■ Work request: Set the pictures aside and transcribe exactly the lines from the one containing "肩書あだ名 | 『ふくだえいき社長』『ふくだえいき団長』 |" through the final line of the records.

(Collected data)
● ● ● ●

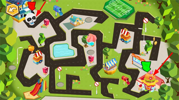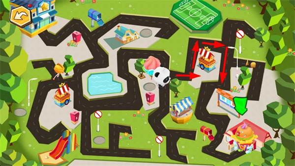 2、進入迷宮式的道路場景,按照指引的方向移動熊貓,朝著目標建筑前進,避開道路旁的標識,推進路線進程。
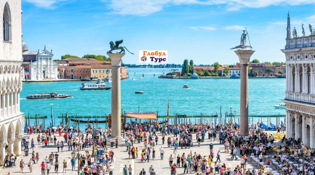 4 ден: Закуска. Отпътуване към пристанището и оттам с кораб към Венеция – „най – романтичния град в света“. Туристическа програма: площад “Сан Марко” – по думите на Наполеон той е „салонът на Европа“, едноименната базилика „Сан Марко“ с пищна позлата, която е символ на венецианското богатство. В базиликата се пазят мощите на покровителя на града Св. Марко. Ще видим Двореца на Дожите /отвън/ - официалната резиденция на някогашния държавен глава на Венецианската република; моста на Въздишките; Камбанарията; Часовниковата кула; разходка по тесните улички с пъстри сувинирни магазинчета до покрития мост Риалто с колоритния пазар и Канале гранде – най – важния и много живописен транспортен коридор на Венеция.
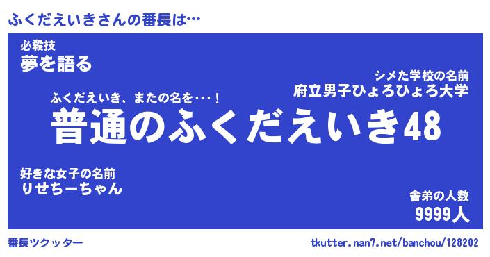 | 肩書あだ名 | 『ふくだえいき社長』『ふくだえいき団長』 |
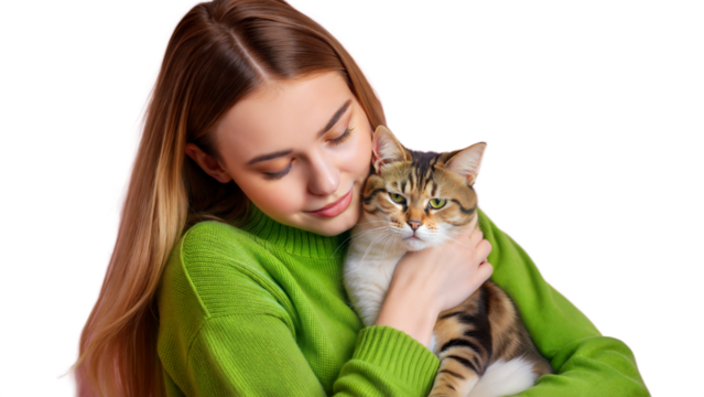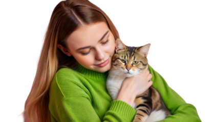 A serene portrait of a young woman cuddling with a cat, highlighting the peaceful and loving connection between them.
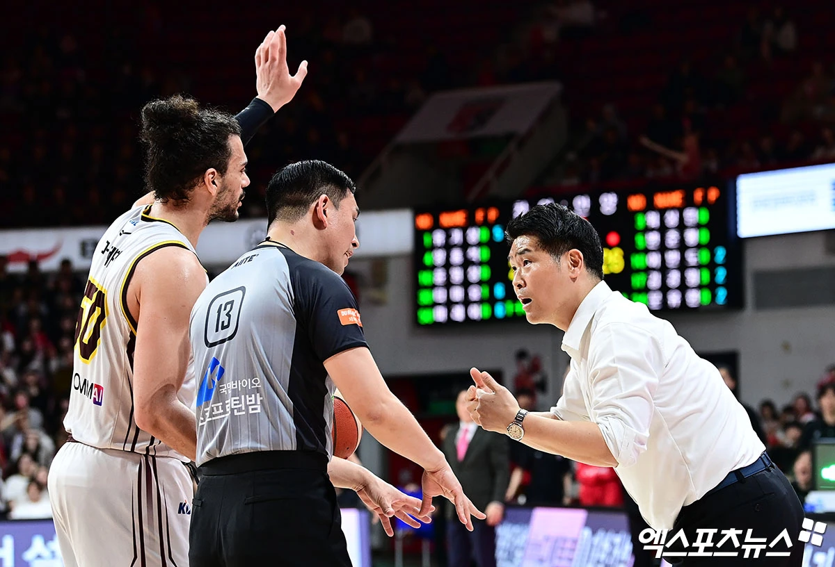 (엑스포츠뉴스 안양, 박지영 기자) 31일 오후 안양실내체육관에서 열린 '2026-2026 LG전자 프로농구' 안양 정관장과 창원 LG의 경기, LG 마레이와 조상현 감독이 파울 판정에 대해 어필하고 있다.
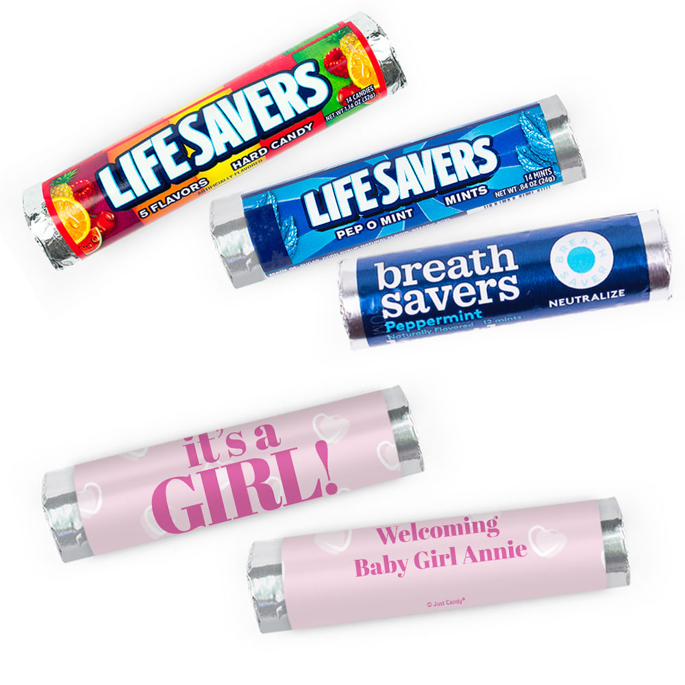 - Includes: 20 completely assembled .84oz rolls; your Choice of Pep-o-mint or 5 Flavor Life Savers Rolls with Custom Label or 24 Breath Savers Peppermint Rolls.

● ● ● ●

■ Finished task:
 | 肩書あだ名 | 『ふくだえいき社長』『ふくだえいき団長』 |
 A serene portrait of a young woman cuddling with a cat, highlighting the peaceful and loving connection between them.
 (엑스포츠뉴스 안양, 박지영 기자) 31일 오후 안양실내체육관에서 열린 '2026-2026 LG전자 프로농구' 안양 정관장과 창원 LG의 경기, LG 마레이와 조상현 감독이 파울 판정에 대해 어필하고 있다.
 - Includes: 20 completely assembled .84oz rolls; your Choice of Pep-o-mint or 5 Flavor Life Savers Rolls with Custom Label or 24 Breath Savers Peppermint Rolls.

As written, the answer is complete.